▸ **Task brief**: The lines to copy run from the one containing "和室6帖 / 8階:和室8帖 |" to the end of the listing. Please write them out exactly, minus the pictures.

▸ **Given material**:
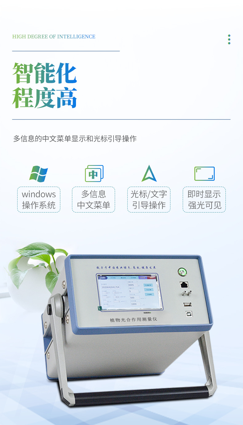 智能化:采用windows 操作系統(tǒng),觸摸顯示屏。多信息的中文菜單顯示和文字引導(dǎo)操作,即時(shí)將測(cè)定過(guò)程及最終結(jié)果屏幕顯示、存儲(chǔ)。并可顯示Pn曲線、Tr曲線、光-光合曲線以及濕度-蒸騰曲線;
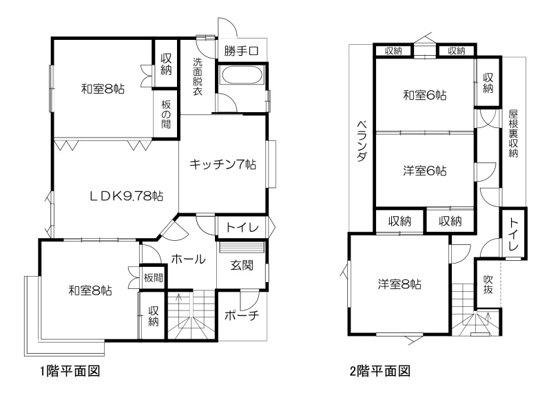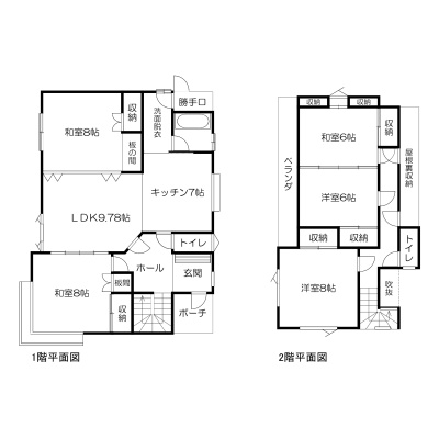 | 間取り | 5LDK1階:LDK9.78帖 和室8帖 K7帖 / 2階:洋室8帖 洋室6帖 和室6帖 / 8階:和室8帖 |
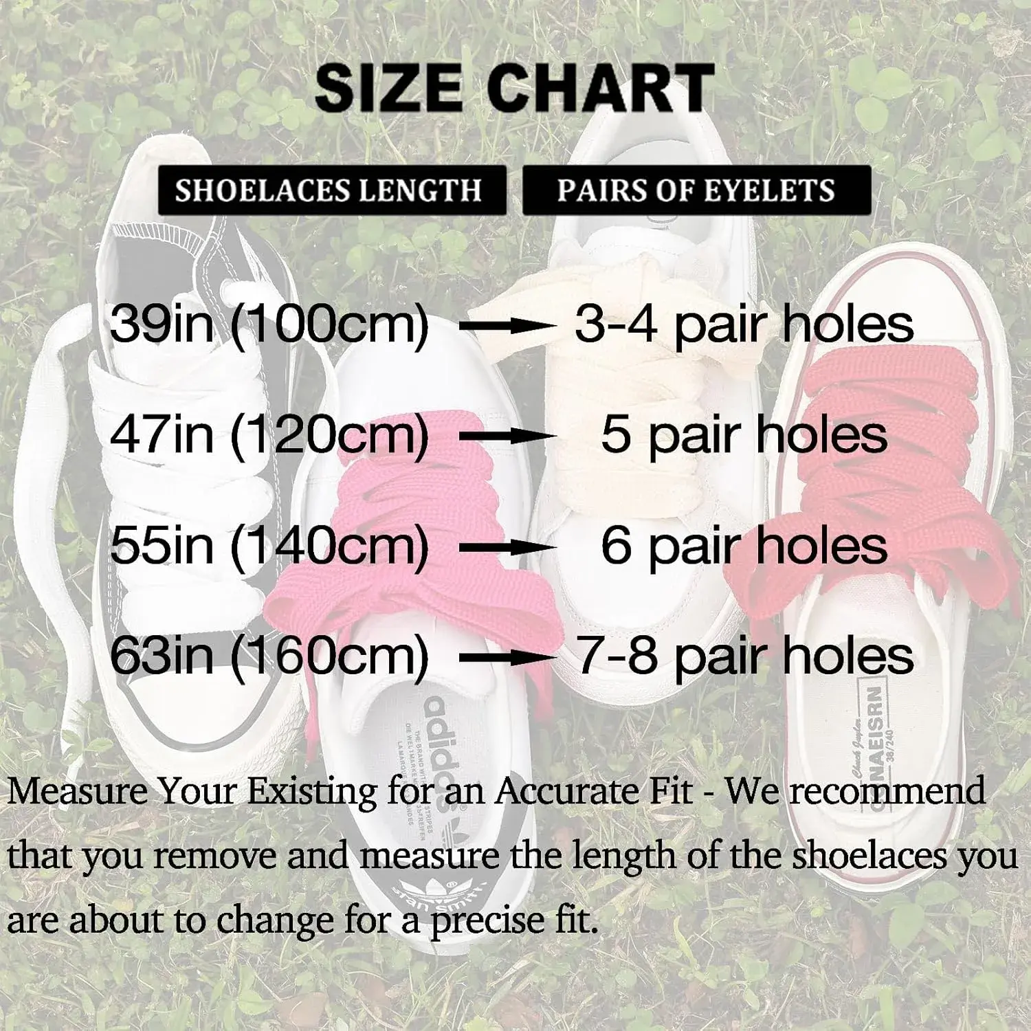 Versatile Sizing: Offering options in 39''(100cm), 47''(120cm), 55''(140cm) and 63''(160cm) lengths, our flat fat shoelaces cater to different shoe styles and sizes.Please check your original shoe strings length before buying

▸ **Output for this task**:
 | 間取り | 5LDK1階:LDK9.78帖 和室8帖 K7帖 / 2階:洋室8帖 洋室6帖 和室6帖 / 8階:和室8帖 |
 Versatile Sizing: Offering options in 39''(100cm), 47''(120cm), 55''(140cm) and 63''(160cm) lengths, our flat fat shoelaces cater to different shoe styles and sizes.Please check your original shoe strings length before buying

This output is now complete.